I felt the Red Reiver spritely and close. He nodded vigorously and hopped up and down. “Power? I have the power. I know the power of the sea, and the crow and the hare, the plants to heal, the charms and the cures.” 

“Ah.” He looked down from his great height with the merriest of smiles, his face aglow with light and honey. “But with me, you will fly. You will eat and drink your fill, you will learn to spite your enemies. You’ll be invisible; you will be able to strike and kill who you will.” His smile was a fiery glint. “All this and more.”

 I had hoped for Thomas, but perhaps this William was greater. I could journey with him, and have all manner of power. I could spite my enemies.

 “Come,” beckoned William, fast astride his black stallion. 

And now I saw that my own white steed awaited. I sprang upon the horse as quick as lightning, calling, “Horse and hattock, ho! Ho and away!” And now I was aloft, and my body alive, every part, with the flight and the thrill and the speed. I was no longer hungry, and pain was unheard of, unknown, unimagined. My body was light—light as air. And now I was large, so great that I was part of everything, and everything a part of me. “Horse and hattock, ho!” I called again, and we flew through the night, over farmtown and field, over dunes and machair and mountains. 

I could swoop without effort, and even through clouds, see all below. We soared, almost to the Cairngorms, over Ben Rinnes, its mountaintop painted white with snow. Now fading and misting, now clearing, but yes: a dingle, a fire, a camp. Men and horses, stomping and shouting and bucking. 

“No time to stop,” William called, and on we went, above the mountains and west, all the way to Darnaway Castle. In through the chimney and into the Great Hall, the seat of the Earl of Moray, the grandest hall in all of Morayshire and perhaps all of Scotland. 

Here were noblemen and ladies in the finest of dress, gowns in silks and velvets, diamonds in their hair and on their fingers.
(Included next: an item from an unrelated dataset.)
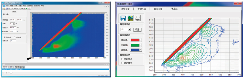 ■ 曲線處理功能模塊中的3D數(shù)據(jù)提取功能,可實(shí)現(xiàn)三維數(shù)據(jù)的等高線視圖,并能從中提取激發(fā)光譜、發(fā)射光譜、同步光譜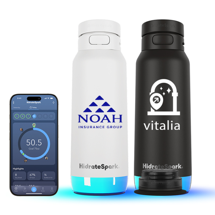 HidrateSpark® 32 Oz Promotional PRO 2 Bottle with Chug Lid is built for high-performance hydration and maximum brand impact. Made from premium recycled 18/8 stainless steel, this smart bottle features double-wall vacuum insulation to keep drinks cold for up to 24 hours. The advanced PRO 2 sensor with SipSense™ technology automatically tracks every sip and syncs with the HidrateSpark App, allowing users to set personalized hydration goals, receive smart reminders, and monitor progress throughout the day. Customizable 360° glow colors, sound alerts, and Apple Find My integration keep the bottle visible and easy to locate. The secure chug lid offers fast hydration, spill resistance, and a built-in carry handle for on-the-go convenience. With USB-C charging and up to 21 days of battery life, this bottle delivers long-lasting engagement. Not for use with hot liquids.Looking for more? Explore our collection of metal; water bottles right away.Get free design, free online proofs and fastest turnaround offers.

They stood in the dusky hall in torchlight and candlelight, their satin and jewels glittering in the shadows. With glances and whispers, they stared at me. “Who is she?” 

No longer the ragged peasant, one who was ignored and dismissed, now I was seen—and not only seen, but honored. The noble people looked at me in awe. I was their queen. I wore a shimmering gown of diaphanous silver, the most dazzling one of all. The people bowed to me, and I felt my power. Here was Elspeth Nychie, whom William called “Bessie Bold;” and now Lilias Dunlop, “Able and Stout.” Here were Bessie Wilson and so many others from the farmtown, all dressed as fine ladies, though none as fine as Isobel the Cunning Woman.

The room flickered and thrilled with the presence of William: lusty William, so full of secret delight that when he passed and touched me with the softest graze, I warmed and quivered to my very root. This was a feeling Hugh Gilbert could never cause, let alone imagine. 

William had transformed again. He was now clad all in black. A long black doublet, black breeches and boots, his hair and beard and eyes…all black. We were in the kitchen now, and he opened his arms and waved his hands over everything. “Eat! Drink!” I didn’t stop to wonder why he had transformed again, this time from light to dark. I was hungry, and I ate. 

Meats and breads, cheeses, cakes, and fruits on delicate plates, and wine in crystal glasses. We feasted until we were full and could eat no more.  We laughed and danced to the pipes and sang until dawn had nearly come, right there in the castle kitchen. 

In an instant, a flash of the eye, we were back on our steeds and flying. Through the sky and back to my bed I flew, a woman of power. I, who knew words and rhymes, the thread and straw and clay, the fruit of the corn, the sheaves of rye, and knew what use to make of them. And now I knew more…so much more.